- _Excerpts from a dataset_:
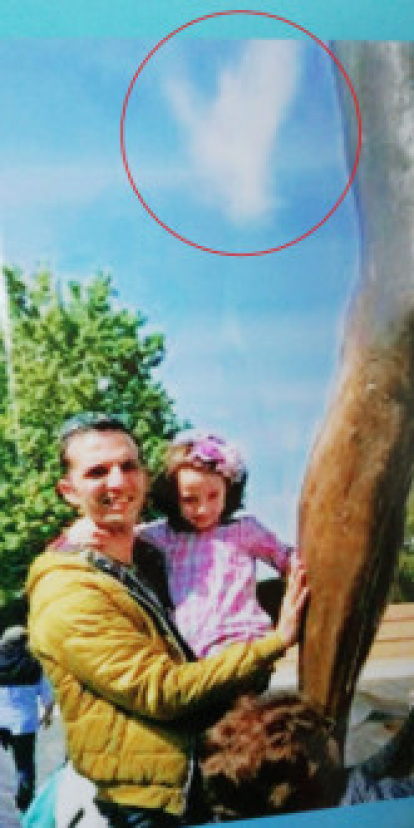 Mientras Simona descansaba en el hotel, la niña y el padre fueron con otros peregrinos a la estatua del Cristo Resucitado. Cuando al día siguiente repasaron las fotos, vieron una forma blanca que aparecía sólo en la foto con la niña, como las alas de una figura angelical.
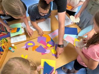 Röbel (stgü). Mittwoch, der 18. Juni 2025: Ein Tisch im Klassenraum der vierten Klasse in der Röbeler Grundschule wurde mit Scheren, buntem Papier und tollen Stiften bestückt. Fröhlich stürzten sich Kita-Kinder der Kita Müritz Entdecker und die Viertklässler auf die Arbeitsmaterialien. Es setzten sich jeweils zu zweit und manchmal zu dritt ein oder zwei Kita-Kinder und ein Grundschulkind an einen Tisch. Das Ziel dieser spaßigen Unterrichtsstunde war das Basteln eines schönen Freundschaftsvogels aus Buntpapier.
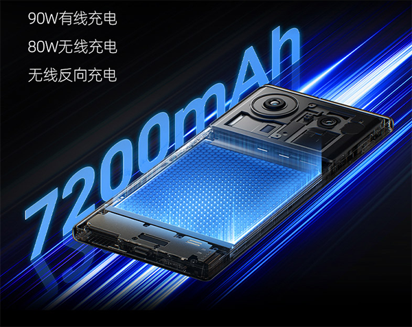 也就是說,努比亞Z80 Ultra配置的是7200mAh的南海電池,并且是單電芯雙接口,支持90W有線快充,80W無線快充,支持充電分離,還支持無線反向充電。
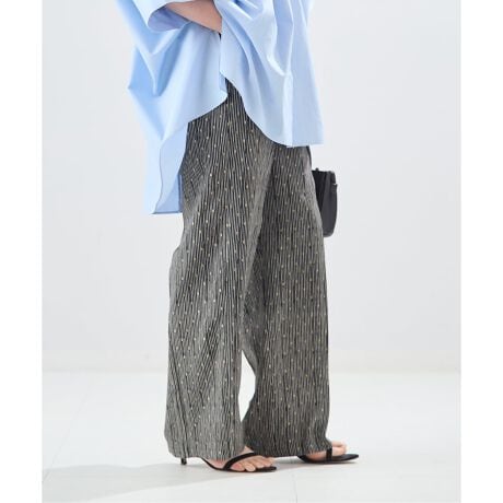 人気のデヴォープリントをレサージュ別注で作成し、リラックス感のあるワイドパンツ。
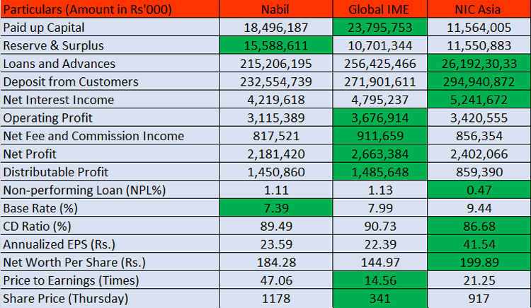 चुक्ता पूँजी, संचालन नाफा, खुद नाफामा ग्लोबल आइएमई बैंक शीर्ष स्थानमा रहेको छ भने निक्षेप संकलन, कर्जा लगानी, खुद ब्याज आम्दानी, प्रतिसेयर नेटवर्थ लगायतमा एनआइसी एशिया बैंक अघि रहेको छ । जगेडा कोष भने नबिल बैंकको बलियो रहेको छ ।

- _What you will do_: Leave out the pictures and copy exactly the lines from the one with "也就是說,努比亞Z80 Ul" through the last line of the records above.

- _Answer section_:
 也就是說,努比亞Z80 Ultra配置的是7200mAh的南海電池,并且是單電芯雙接口,支持90W有線快充,80W無線快充,支持充電分離,還支持無線反向充電。
 人気のデヴォープリントをレサージュ別注で作成し、リラックス感のあるワイドパンツ。
 चुक्ता पूँजी, संचालन नाफा, खुद नाफामा ग्लोबल आइएमई बैंक शीर्ष स्थानमा रहेको छ भने निक्षेप संकलन, कर्जा लगानी, खुद ब्याज आम्दानी, प्रतिसेयर नेटवर्थ लगायतमा एनआइसी एशिया बैंक अघि रहेको छ । जगेडा कोष भने नबिल बैंकको बलियो रहेको छ ।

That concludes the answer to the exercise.